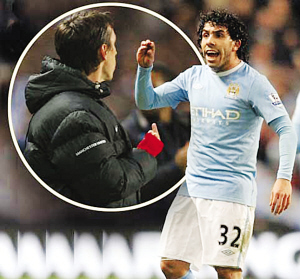 昨天,英格蘭聯(lián)賽杯半決賽首回合進(jìn)行了一場曼徹斯特同城德比,結(jié)果曼城在第17分鐘就先被對方隊長吉格斯率先破門的不利形勢下,憑借前曼聯(lián)舊將、阿根廷國腳前鋒特維斯在第40分鐘的點球、第65分鐘的頭球,最終在主場以2:1險勝曼聯(lián)。值得關(guān)注的是,綽號“野獸”的特維斯此番面對“拋棄”他的老東家紅魔曼聯(lián)首度進(jìn)球,而且還是梅開二度。不過,反咬紅魔快意復(fù)仇的“野獸”在進(jìn)球后帶有挑釁、示威意味的張狂慶祝動作,卻引發(fā)了一場鬧劇。
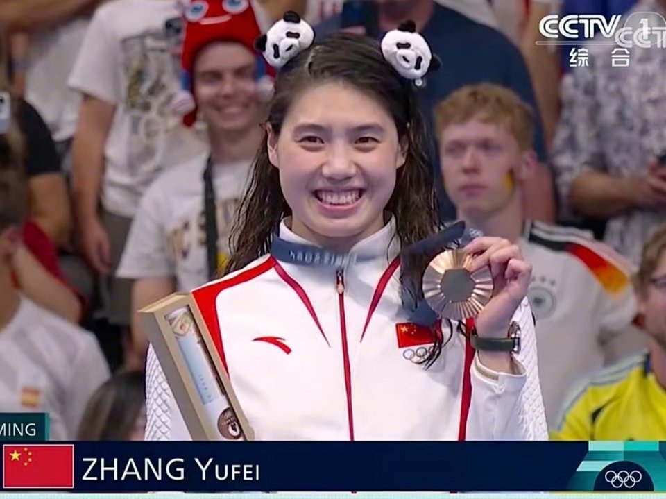 张雨霏确凿脾气太好了。东谈主漂亮,脾气也好,四肢文雅。熊猫发夹也可以。#奥运会##张雨霏50米开脱泳铜牌#
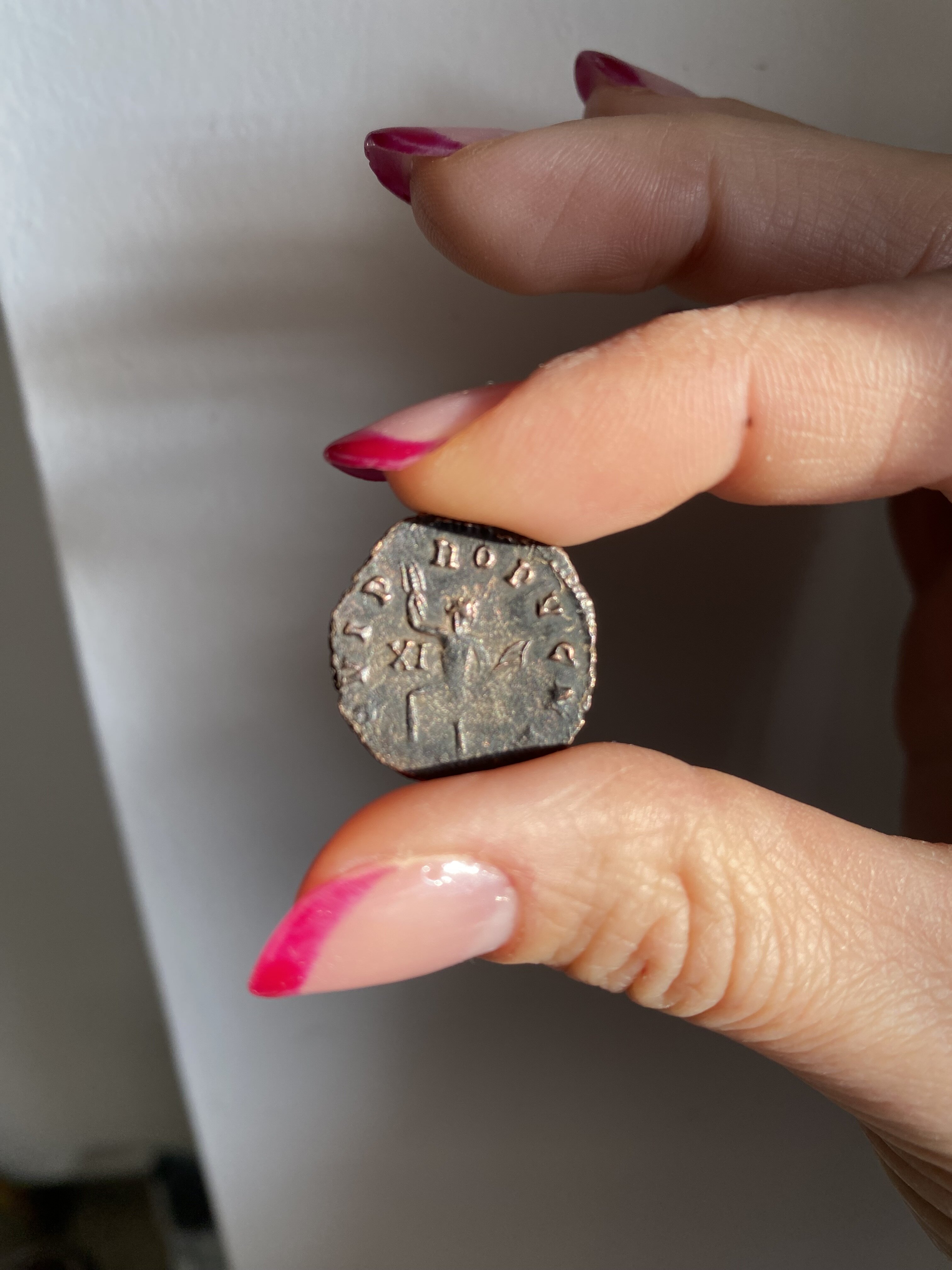 Ciao, dalle foto le monete sono autentiche. Si tratta di due antoniniani dell'imperatore Gallieno e di Tetrico ll. Posto foto di due esemplari stessa tipologia dei tuoi 🙂.

WHAT IS EXPECTED — Return the data above in its exact wording, with none of the pictures.

WRITTEN SOLUTION —
 昨天,英格蘭聯(lián)賽杯半決賽首回合進(jìn)行了一場曼徹斯特同城德比,結(jié)果曼城在第17分鐘就先被對方隊長吉格斯率先破門的不利形勢下,憑借前曼聯(lián)舊將、阿根廷國腳前鋒特維斯在第40分鐘的點球、第65分鐘的頭球,最終在主場以2:1險勝曼聯(lián)。值得關(guān)注的是,綽號“野獸”的特維斯此番面對“拋棄”他的老東家紅魔曼聯(lián)首度進(jìn)球,而且還是梅開二度。不過,反咬紅魔快意復(fù)仇的“野獸”在進(jìn)球后帶有挑釁、示威意味的張狂慶祝動作,卻引發(fā)了一場鬧劇。
 张雨霏确凿脾气太好了。东谈主漂亮,脾气也好,四肢文雅。熊猫发夹也可以。#奥运会##张雨霏50米开脱泳铜牌#
 Ciao, dalle foto le monete sono autentiche. Si tratta di due antoniniani dell'imperatore Gallieno e di Tetrico ll. Posto foto di due esemplari stessa tipologia dei tuoi 🙂.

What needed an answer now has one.